Solved – How to train classifier for unbalanced class distributions

distributionsneural networksunbalanced-classes

I attempted a ReLU neural network to classify data sets of 3 classes that are not balanced (in both training and test sets), i.e. 30% of samples are in class A, 10% in class B and 60% in class C. And in particular for this problem, I'm mostly interested in the precision of class C (with reasonable recalls) since that's the only class I can take use of. Currently I artificially clone and add random +/-5% adjustments to each class A and B samples so that each class has roughly 1/3 samples in the training set. And then I choose the winning epoch based on F1 score for class C.

NEW BEST: epoch 1, score: 0.572852844535, F1: 0.58989
5, precision 0.516919, recall 0.686862, accuracy 0.643098 (0.572852844535), learning_rate=1.0 (patience: 320000 / 1599)
F1: 0.589895, precision 0.516919, recall 0.686862, accuracy 0.643098
precisions: [ 0.19046712  0.48642075  0.61648193]
recalls: [ 0.17856346  0.10650572  0.82099259]
class[0] is predicted as class[0]: 40
class[0] is predicted as class[1]: 4
class[0] is predicted as class[2]: 180
class[1] is predicted as class[0]: 54
class[1] is predicted as class[1]: 36
class[1] is predicted as class[2]: 248
class[2] is predicted as class[0]: 116
class[2] is predicted as class[1]: 34
class[2] is predicted as class[2]: 688

NEW BEST epoch 14, score: 0.708267443522, F1: 0.5302
56, precision 0.612621, recall 0.467413, accuracy 0.556719 (0.708267443522), learning_rate=0.974310040474 (patience: 343195 / 22399)
F1: 0.530256, precision 0.612621, recall 0.467413, accuracy 0.556719
precisions: [ 0.22606464  0.33912306  0.82626222]
recalls: [ 0.49551359  0.46152481  0.44271548]
class[0] is predicted as class[0]: 111
class[0] is predicted as class[1]: 89
class[0] is predicted as class[2]: 24
class[1] is predicted as class[0]: 128
class[1] is predicted as class[1]: 156
class[1] is predicted as class[2]: 54
class[2] is predicted as class[0]: 252
class[2] is predicted as class[1]: 215
class[2] is predicted as class[2]: 371

As seen above, at epoch 1, the accuracy looks much better because the network just classified all test samples to class C; in epoch 14, the accuracy looks worse but is in fact better since the network can classify other classes too.

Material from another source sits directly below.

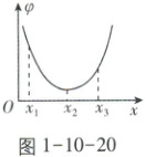 例263 以静电场中某点为原点建立一维坐标系,电势$\varphi$随x变化的规律如图1-10-20所示,图像关于$x = x_{2}$对称,$2x_{2}>x_{1}+x_{3}$,由图1-10-20可知(
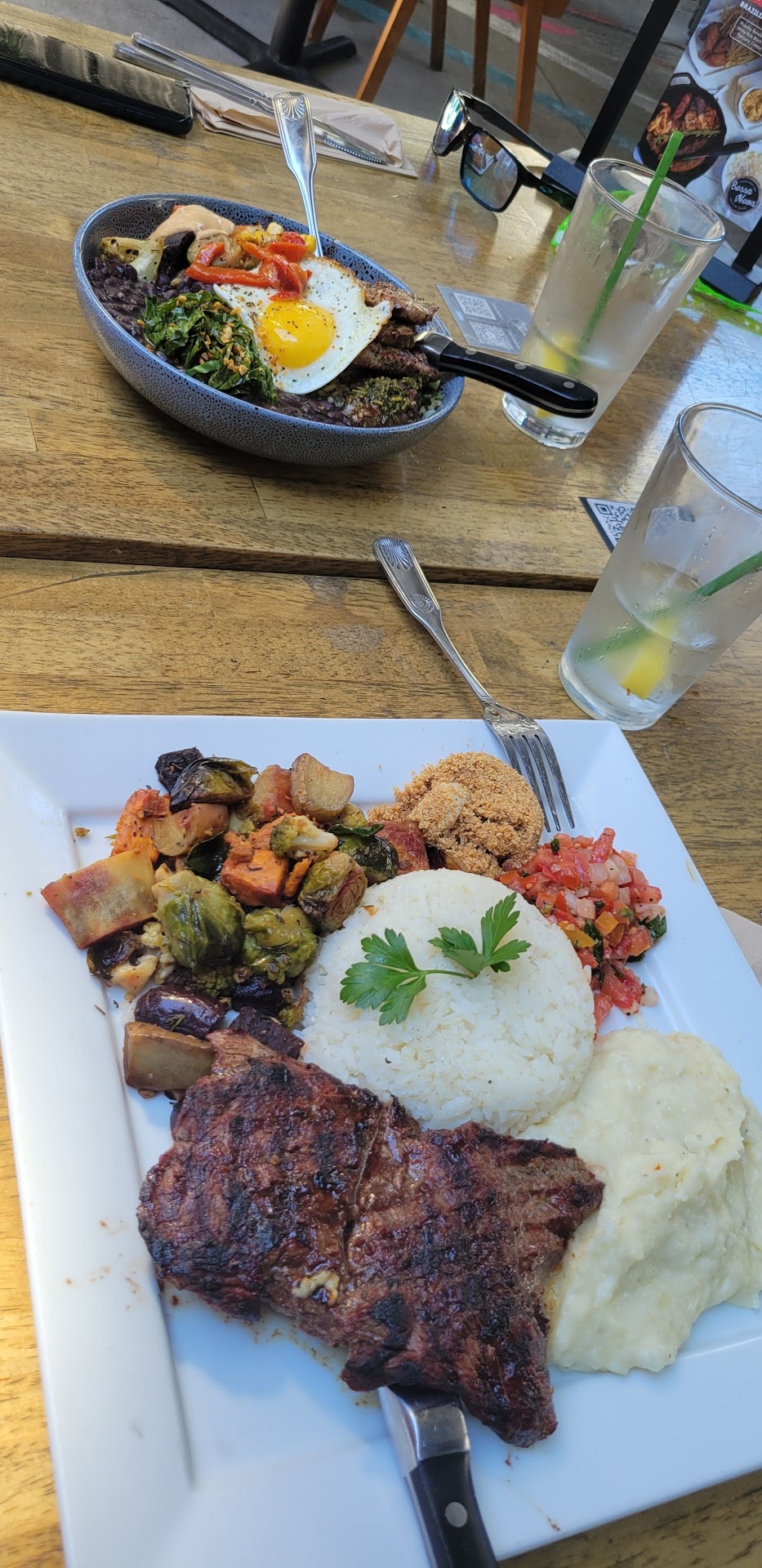 Food: Everything is Delicious and I'm not lying. My favorite go to is the Fresh Mozzarella Bruschetta to start with and then have the SALMÃO GRELHADO or the CHICKENS BOWL. The chicken bowl comes with Chimichurri and the salmon comes with this Homemade Passion Fruit Sauce and these two are to die for. I always pay extra to take a side of sauces home with me. Drinks are always ice cold and refreshing, yes I'm talking about adult beverages lol

How can I train or test for this unbalanced data set? Should I also artificially balance the test set in addition to the training set?

Best Answer

Jain and Nag suggest a balanced training set and a representational test data set for evaluation.

The balanced training set allows for the model to familiarize itself with less frequent state of interest and helps the model to formulate general rules.

However, as @rep_ho points out you should definitely use a test set that represents the population of your data. Otherwise, you would skew your results.

Note though that relying on accuracy as a performance measure in a highly unbalanced dataset can be a misleading metric. If you have a dataset with two groups with a 90/10 split, then the model might simply 'guess' the first category all the time and nevertheless achieve a 90% accuracy.